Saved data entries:
# # # # #

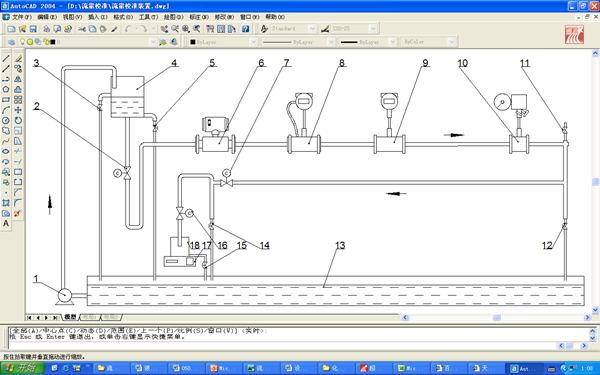 7.比例调节阀; 8. 涡街流量计; 9. 涡轮流量计; 10. 孔板流量计; 11. 放气阀; 13. 水槽;
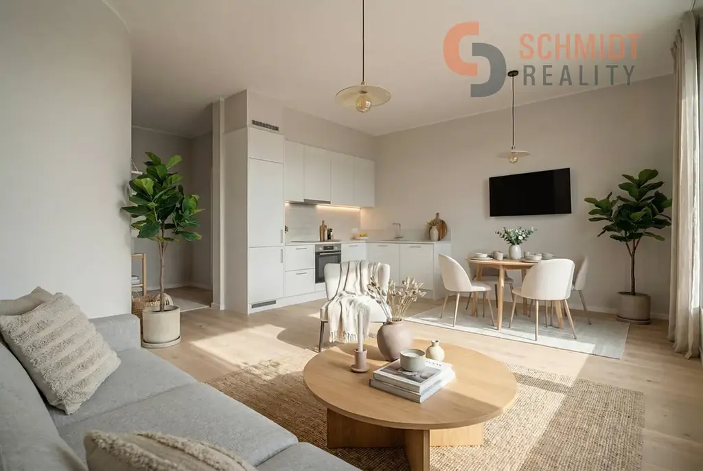 Předmětem prodeje je byt bez vyobrazeného nábytku; vizualizace znázorňují možné budoucí uspořádání interiéru.
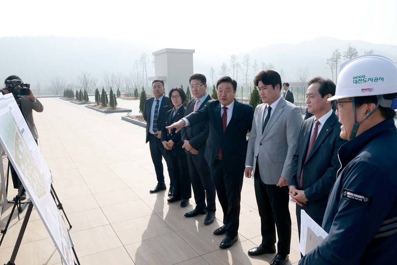 이후 방문한 갑천생태호수공원은 대전 서구 도안동 및 유성구 원신흥동 일원 43만 1,244㎡ 규모로 조성되는 대규모 친환경 공원으로, 950억 원의 사업비를 투입해 2025년 9월 개장을 목표로 하고 있다.
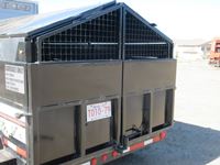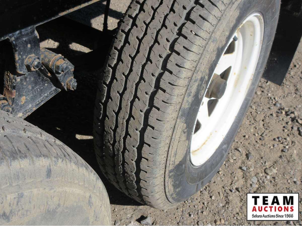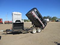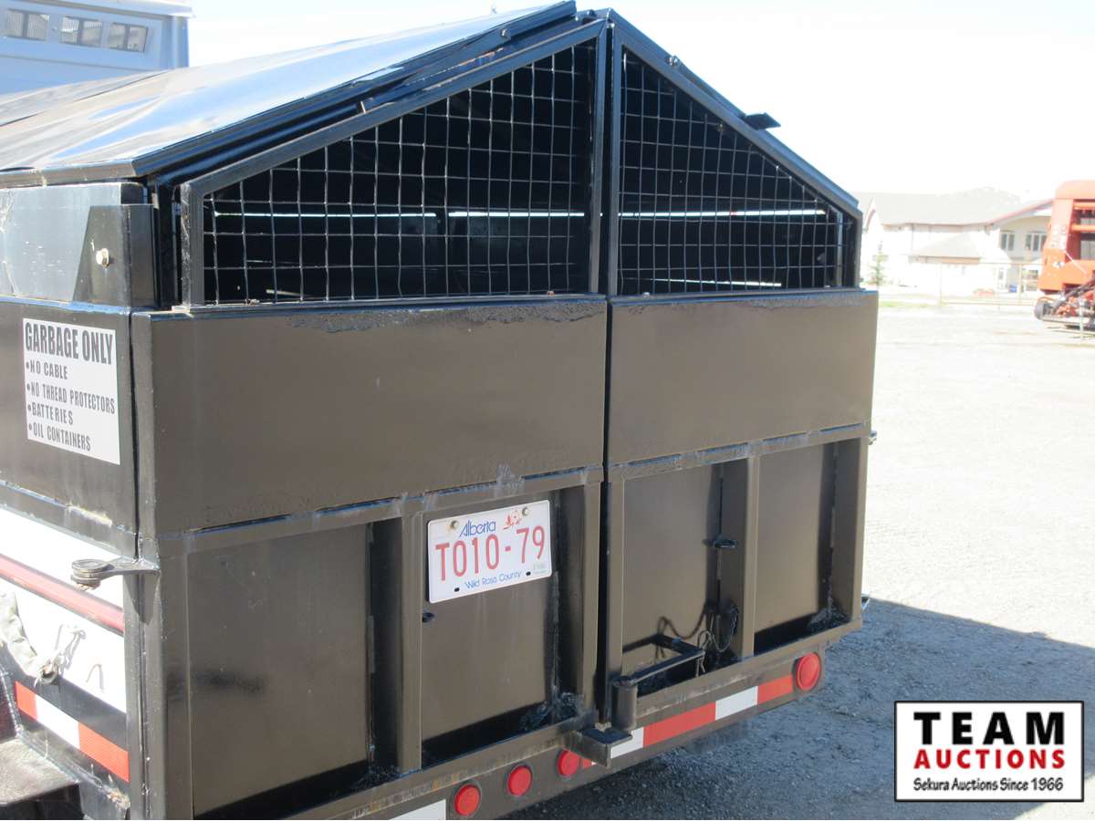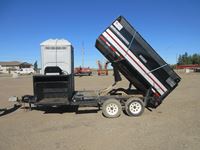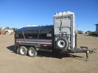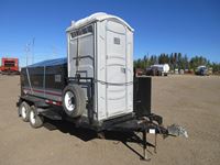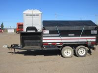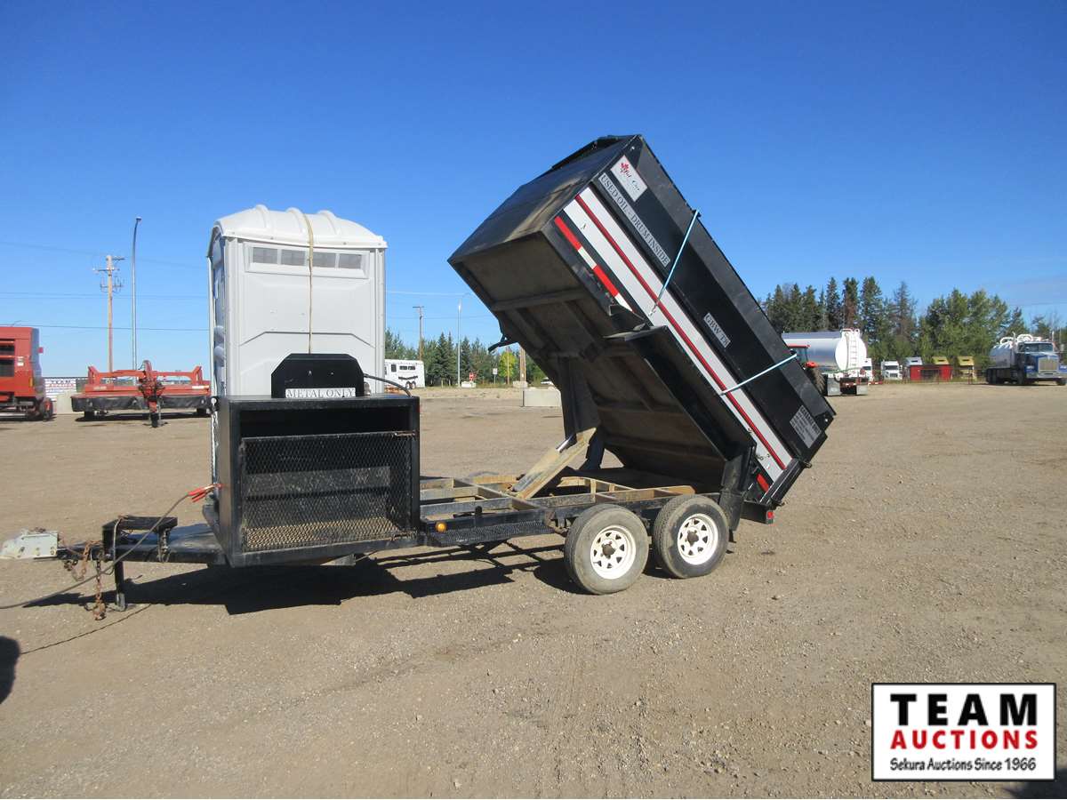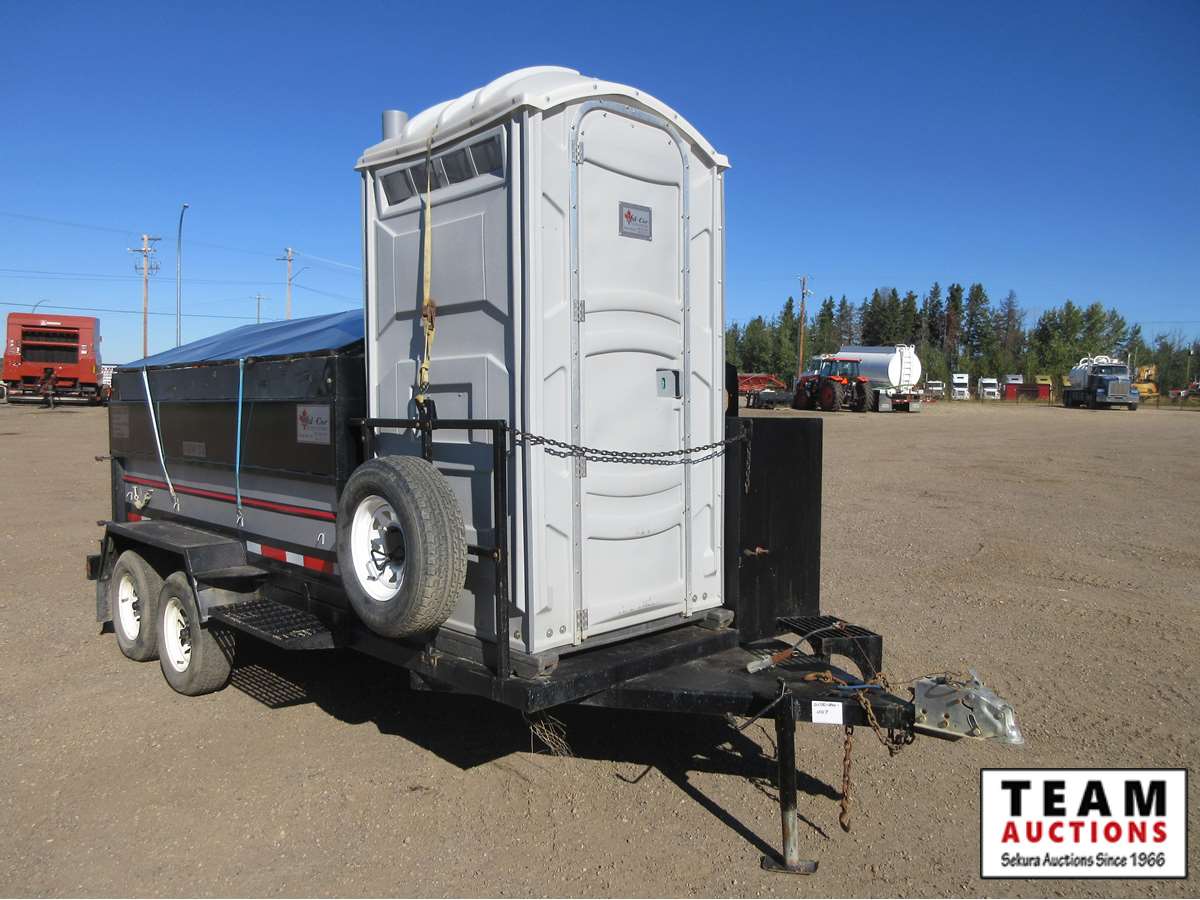 custom built tilt dumpster combo unit with used oil tank, metal bin, toilet, insulated toilet cover, 10' covered dump box, 12V self contained hydraulic system, 3500 lb axles, spring suspension, 215/75R14 rubber, spare, surge hydraulic brakes
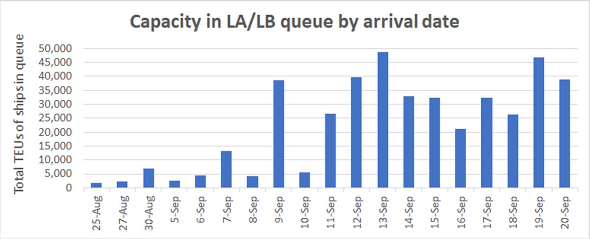 Thirty-six ships with a total capacity of 230,803 TEUs arrived in port waters in the seven days through Monday. That’s 54% of the total TEU capacity waiting offshore. Another 27 ships with total capacity of 176,892 TEUs arrived between one and two weeks prior to Monday, representing a further 42%. The remaining few ships arrived in late August and early September.
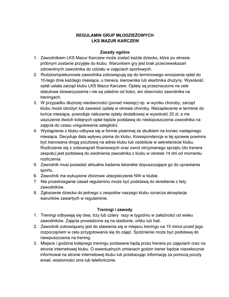 REGULAMIN GRUP MŁODZIEŻOWYCH LKS MAZUR KARCZEW
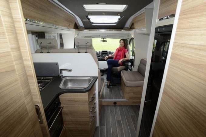 Pour le reste, le modèle reste fidèle aux standards Adria avec une belle dotation standard : régulateur, la clim cabine, les radars de recul ou encore en partie salon du lanterneau panoramique idéalement associé au sky-roof logé dans la jolie casquette de profilé.
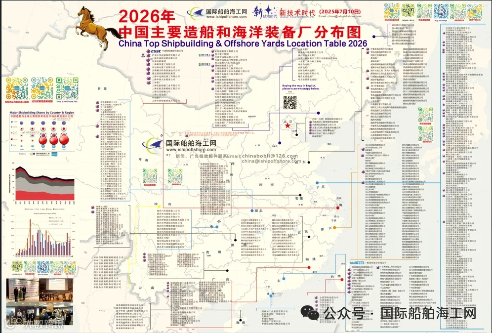 为迎接中华人民共和国成立76周年2025年国庆和中秋佳节,应多家著名船舶公司的购买需求,迄今最新更新版700家中国精锐船厂在列、防水特制的、特大的2026年中国造船厂和海洋装备厂分布图(简称造船厂地图)于2025年9月19日提前在上海成功印刷发布,并以导弹筒式特殊包装快递给用户并随同赠送免费广告的造船厂地图,有图有真相,如上和如下,该地图将不断动态地持续更新,祝大家国庆中秋双节快乐马到成功、图开得胜。同时免费赠送新版2026中国造船厂地图也开始编辑,将随后赠送,1千5百元人民币起就可在上面投放广告,咨询:china@ishipoffshore.com 或 chinabobli@126.com

# # # # #

Except for the pictures, copy every line of the records above exactly.

 7.比例调节阀; 8. 涡街流量计; 9. 涡轮流量计; 10. 孔板流量计; 11. 放气阀; 13. 水槽;
 Předmětem prodeje je byt bez vyobrazeného nábytku; vizualizace znázorňují možné budoucí uspořádání interiéru.
 이후 방문한 갑천생태호수공원은 대전 서구 도안동 및 유성구 원신흥동 일원 43만 1,244㎡ 규모로 조성되는 대규모 친환경 공원으로, 950억 원의 사업비를 투입해 2025년 9월 개장을 목표로 하고 있다.
 custom built tilt dumpster combo unit with used oil tank, metal bin, toilet, insulated toilet cover, 10' covered dump box, 12V self contained hydraulic system, 3500 lb axles, spring suspension, 215/75R14 rubber, spare, surge hydraulic brakes
 Thirty-six ships with a total capacity of 230,803 TEUs arrived in port waters in the seven days through Monday. That’s 54% of the total TEU capacity waiting offshore. Another 27 ships with total capacity of 176,892 TEUs arrived between one and two weeks prior to Monday, representing a further 42%. The remaining few ships arrived in late August and early September.
 REGULAMIN GRUP MŁODZIEŻOWYCH LKS MAZUR KARCZEW
 Pour le reste, le modèle reste fidèle aux standards Adria avec une belle dotation standard : régulateur, la clim cabine, les radars de recul ou encore en partie salon du lanterneau panoramique idéalement associé au sky-roof logé dans la jolie casquette de profilé.
 为迎接中华人民共和国成立76周年2025年国庆和中秋佳节,应多家著名船舶公司的购买需求,迄今最新更新版700家中国精锐船厂在列、防水特制的、特大的2026年中国造船厂和海洋装备厂分布图(简称造船厂地图)于2025年9月19日提前在上海成功印刷发布,并以导弹筒式特殊包装快递给用户并随同赠送免费广告的造船厂地图,有图有真相,如上和如下,该地图将不断动态地持续更新,祝大家国庆中秋双节快乐马到成功、图开得胜。同时免费赠送新版2026中国造船厂地图也开始编辑,将随后赠送,1千5百元人民币起就可在上面投放广告,咨询:china@ishipoffshore.com 或 chinabobli@126.com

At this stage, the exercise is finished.